3 cups fat-free chicken broth
1 ¼ cups finely chopped celery
½ cup diced yellow onion
3 cups green enchilada sauce
1 (15 ounce) can pumpkin puree
10 ounces cooked boneless, skinless chicken breast, chopped
1 cup frozen corn
1 dash hot pepper sauce

Nutrition Info

200.3 calories
carbohydrate: 15 g
cholesterol: 43.9 mg
fat: 10.2 g
fiber: 3.9 g
protein: 13.8 g
saturatedFat: 4.4 g
servingSize: -
sodium: 328.8 mg
sugar: 3.2 g
transFat: : -
unsaturatedFat: : -

Directions

  1. Bring broth to a boil in a large pot. Add celery and onion, reduce heat, and simmer until slightly tender, about 5 minutes.
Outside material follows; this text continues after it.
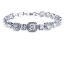 Ivory and Co Belize Bracelet. A fantastic bestseller due to this being such an elegant and classic piece of jewellery. Dazzling princess cut stones are surrounded by tiny set pave stones. Perfect for brides looking for traditional and classic jewellery!
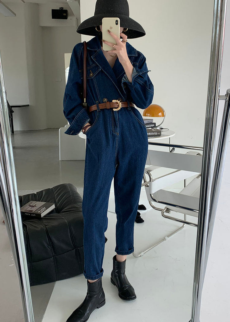Handmade Blue Peter Pan Collar denim Jumpsuit Spring

Stir in enchilada sauce and pumpkin. Return soup to a simmer and add chicken and corn. Mix well. Cook until heated through, 3 to 5 minutes. Add a dash or more of hot sauce.

Recipe Yield

8 cups

Recipe Note

Low-calorie, low-fat enchilada soup with a surprising twist that brings it all together. Serve with shredded fat-free Cheddar cheese and crushed baked tortilla chips if you like.